You are given two non-empty linked lists representing two non-negative integers. The digits are stored in reverse order, and each of their nodes contains a single digit. Add the two numbers and return the sum as a linked list.

You may assume the two numbers do not contain any leading zero, except the number 0 itself.

Example 1

Input: l1 = [2,4,3], l2 = [5,6,4] Output: [7,0,8] Explanation: 342 + 465 = 807.

Example 2

Input: l1 = [0], l2 = [0] Output: [0]

Example 3

Input: l1 = [9,9,9,9,9,9,9], l2 = [9,9,9,9] Output: [8,9,9,9,0,0,0,1]

Steps

1. Initialization: Create a dummy node to simplify handling the head of the result list.
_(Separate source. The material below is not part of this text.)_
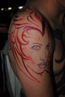 My costumer want an androgin angel on the sholder with some big wings , he brig this picture for reference , and a drawing for wings
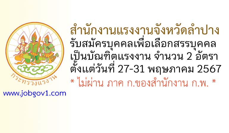 สำนักงานแรงงานจังหวัดลำปาง รับสมัครจ้างเหมาบริการรายบุคคลเป็นบัณฑิตแรงงาน 2 อัตรา ตั้งแต่วันที่ 27-31 พฤษภาคม 2567

Initialize a carry variable to 0.
2. Iteration: Iterate through the lists simultaneously until both are exhausted.
3. Summation: For each position, sum the digits from l1, l2, and the carry.
4. Node Creation: Create a new node with the ones digit of the sum and append it to the result list.
5. Carry Update: Update the carry to the tens digit of the sum.
6. Handle Remaining Nodes: If one list is longer than the other, continue processing the remaining nodes of the longer list.
7. Handle Final Carry: If there's a remaining carry after processing all nodes, add a new node for it.
8. Return Result: Return the head of the result list (excluding the dummy node).

Explanation

The solution simulates manual addition. We process the digits from least significant to most significant (because the lists are in reversed order). The carry variable keeps track of any overflow from the previous digit addition. The dummy node simplifies the process of building the linked list, avoiding special handling for the first node.

Code

using System;
using System.Collections.Generic;

public class ListNode {
    public int val;
    public ListNode next;
    public ListNode(int val = 0, ListNode next = null) {
        this.val = val;
        this.next = next;
    }
}

public class Solution {
    public ListNode AddTwoNumbers(ListNode l1, ListNode l2) {
        ListNode dummyHead = new ListNode(0); // Dummy node
        ListNode current = dummyHead;
        int carry = 0;

        while (l1 != null || l2 != null || carry != 0) {
            int sum = carry;
            if (l1 != null) {
                sum += l1.val;
                l1 = l1.next;
            }
            if (l2 != null) {
                sum += l2.val;
                l2 = l2.next;
            }

            carry = sum / 10; // Calculate carry
            int digit = sum % 10; // Calculate digit

            current.next = new ListNode(digit);
            current = current.next;
        }

        return dummyHead.next; //Return the head of the actual list (after dummy)
    }
}

Complexity

• Time Complexity: O(max(m, n)), where 'm' and 'n' are the lengths of the input lists. We iterate through each list once.
• Space Complexity: O(max(m, n)), The space used is proportional to the length of the resulting list. In the worst case, the resulting list can be as long as the longer of the two input lists plus one (for an extra carry).